Illustration : Jude Buffum
Every weekday at 5:00 a.m., a nondescript gray van rolls down the underground service road beneath the French National Library, in Paris, and arrives at a svelte glass skyscraper soaring above the bustling Seine River. Here, at the Tower of the Times, the van delivers a tiny but astoundingly rich snapshot of life in this country that takes its cultural heritage very seriously.
The van has been stuffed willy-nilly with two copies each of some 3000 periodicals printed recently in France that are being sent to the library for preservation. One morning last November, the haul includes the dailies Le Monde and L’Humanité, of course, and also the union newspaper Le Travailleur. Among the other lexical artifacts dutifully funneled from the van up into the tower are a booklet of classified advertisements, a concert flyer, several religious pamphlets, Busty Beauties magazine, and a community newsletter from Bonnes (population 330) announcing a town raffle for three hams, six bottles of wine, and a yogurt-making machine.

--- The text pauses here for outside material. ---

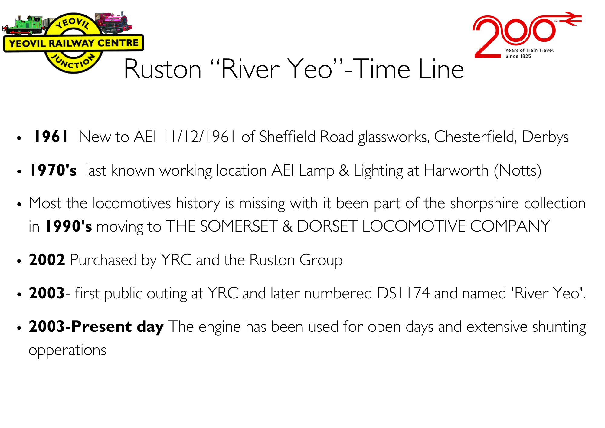 Engine Type 48DS with 48 hp Ruston 4YC engine. Works number 458959 and engine number 460158. New to AEI 11/12/1961 of Sheffield Road glassworks, Chesterfield, Derbys with a last known working location AEI Lamp & Lighting at Harworth (Notts). Some 130 locos of this class were built before this example and only 6 afterwards as demand for locos with low power and traction effort had dwindled. The engine has been numbered DS1174 and named 'River Yeo'.

"We have a lot of so-called crap, and we’re happy about that," says Gildas Illien, an archivist at the library. His colleagues in other countries might turn up their noses at hard-core porn, advertisements, and obscure newsletters, but not Illien. "In a hundred years, what’s totally irrelevant or dirty today will end up becoming of extreme interest to historians," he declares.
The Tower of the Times, where Illien works, is one of four spires, each composed of two perpendicular wings resembling the pages of an open book, that make up France’s newly modernized national library. The archivists here aren’t after just printed material; they’re preserving the electronic, too. In fact, it’s Illien’s daunting task to archive French Web sites—all of them, in all their evanescent, constantly changing, and multimedia splendor.

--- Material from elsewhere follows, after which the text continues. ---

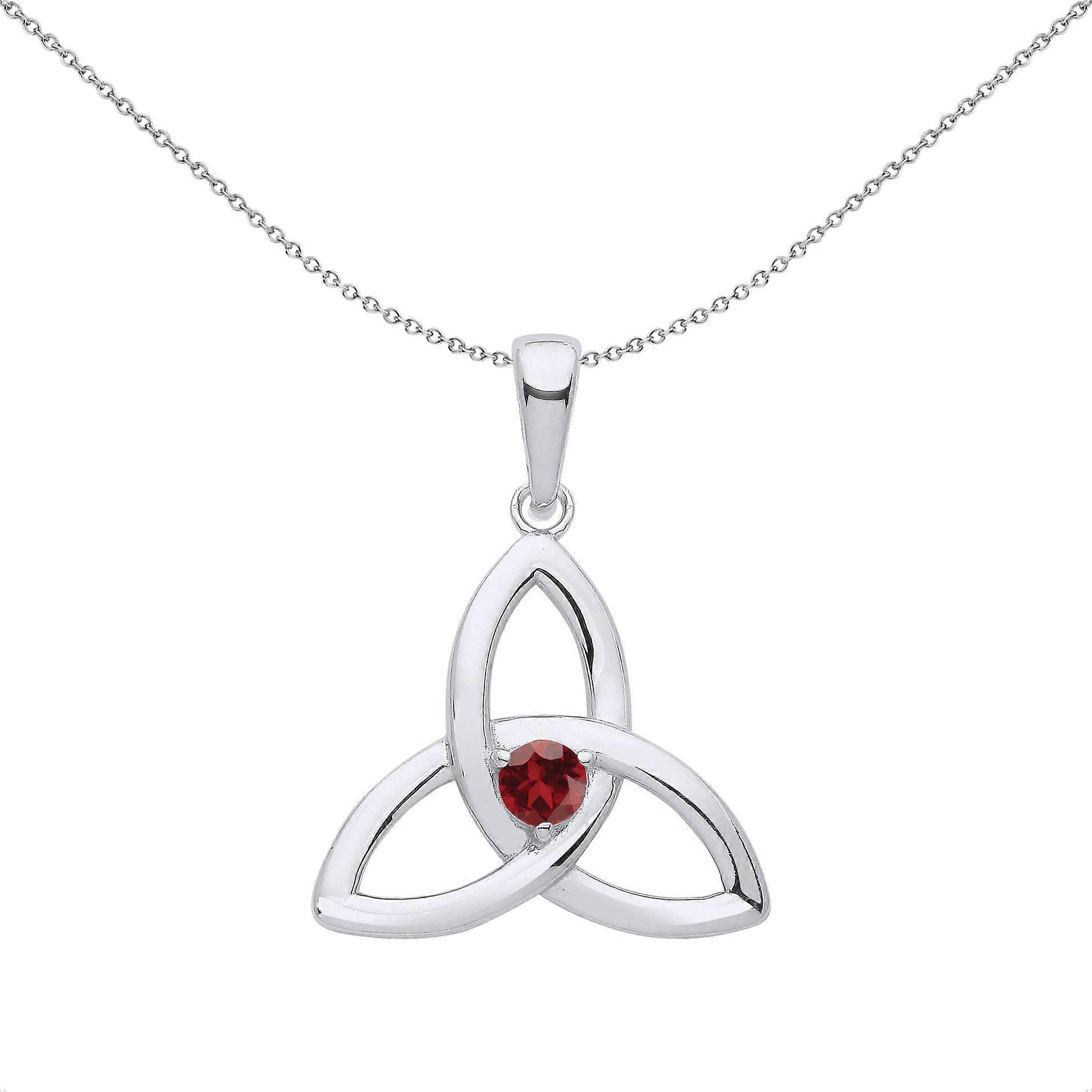 Jewelco London Ladies Sterling Silver Garnet CZ Celtic Trinity Trefoil Triquetra Knot Solitaire Pendant Necklace 18 inch

Since the ancient Sumerians compiled the first collections of inscribed clay tablets, many peoples have attempted to preserve documents, ephemera, and even the flotsam of their political, economic, and social tides. But perhaps no nation today tackles this endeavor as thoroughly as France, one of the few countries in which archivists have the legal right to copy and save virtual documents without fear of a copyright suit. Five centuries ago, King Francis I ordered book publishers to donate copies of their work to posterity. That legal deposit law, as it is known, has expanded over the years to include maps, music scores, periodicals, photographs, sound recordings, posters, motion pictures, television broadcasts, computer software, and finally, in 2006, the World Wide Web.
French archivists are still grappling with that most recent mandate. The Web, of course, is unlike any other publishing platform—not simply because it is amorphous and immeasurably large but because its "documents" are boundless. Nowadays, an "online publication" is barely recognizable as a publication in any traditional sense; it exists in a perpetual state of being updated, and it cannot be considered complete in the absence of everything else it’s hyperlinked to. Unlike books and newspapers, which have discernible titles, authors, beginnings, and ends, the Internet is utterly nonstandardized.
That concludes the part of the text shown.